Figure 5

Evaluation of unsupervised clustering. (A) The similarity κ of the results obtained for any pair of feature sets and all 60 data sets studied, and (B) the similarity κm of the feature set-specific results and the manually labelled layers (indicated with ML). The bottom label of panel (B) shows the data set names and the top label of panel (A) their area types. (C) The first six columns and first six rows show the mean values of κ over all 60 locations, and the seventh column and the seven rows the mean value of κm over all 60 locations. The element at (ML, ML) is manually set to 1. (D) The detailed statistics of Log(κm). The histograms show the mean values, error bars the standard deviations, and the blue dots the maximum values.
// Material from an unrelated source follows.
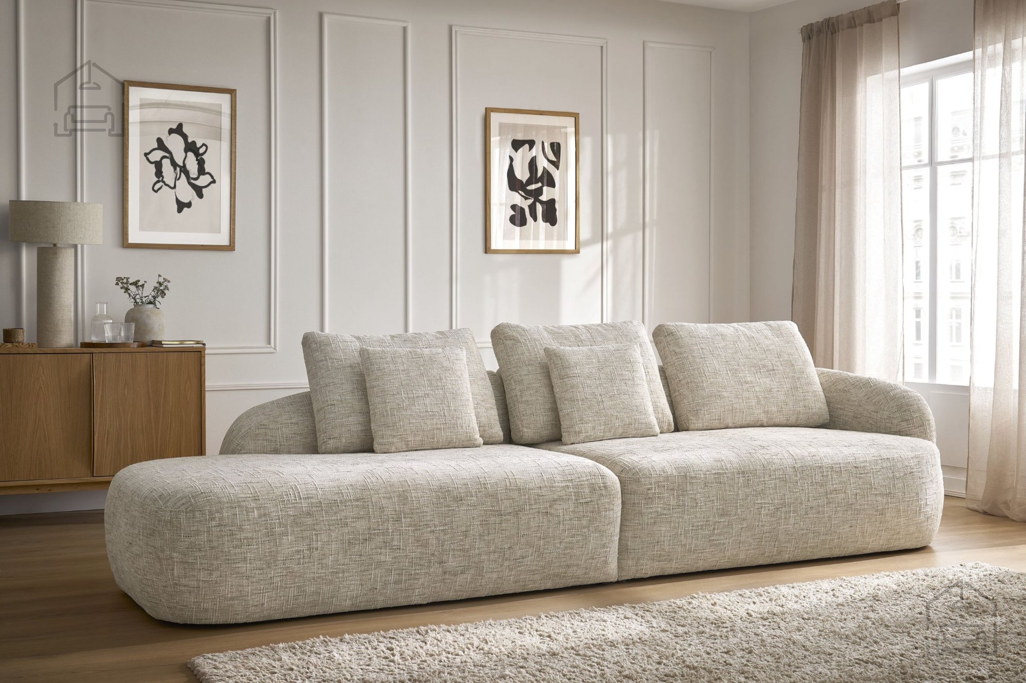 Der Stil des Finezal-Systems ist modern und passt dadurch hervorragend zu unterschiedlichen Einrichtungsstilen – von minimalistisch bis klassisch. Das Produkt ist in mehreren Farbvarianten erhältlich und lässt sich dadurch leicht mit anderen Möbeln und Accessoires kombinieren. Der Bezug aus hochwertigem Stoff fühlt sich angenehm an und ist zugleich pflegeleicht. Die feine Stoffstruktur verleiht dem Raum Wärme und Behaglichkeit, ohne dabei an Eleganz zu verlieren.

The minimal values are close to zero or even negative, and are, therefore, not shown. Pairwise comparison of F1, F2, F3, and F4 values is not significant (p > 0.2), whereas pairwise comparison of F1, F2, F3, or F4 to F5 or F6 is significant (p < 0.001). To illustrate the meaning of the obtained κm values, we randomly shifted the manually assigned layer boundaries, with the boundary shift values chosen in the range of [-Nsa, Nsa] slices. We repeated runs with Nsa = 1, 2, …, 6. For each Nsa value, each of the 60 locations was re-labelled and the artificial labelling result compared to the original manual labelling. Corresponding mean values are plotted in panel (D). The olive line depicts the respective correlation coefficient when the layers manually labelled by the second expert reader were used as test result. It can be seen that a Nsa value of 5 approximately resembles interobserver variability of layer labelling; data points at and above this line can be considered to indicate ideal performance.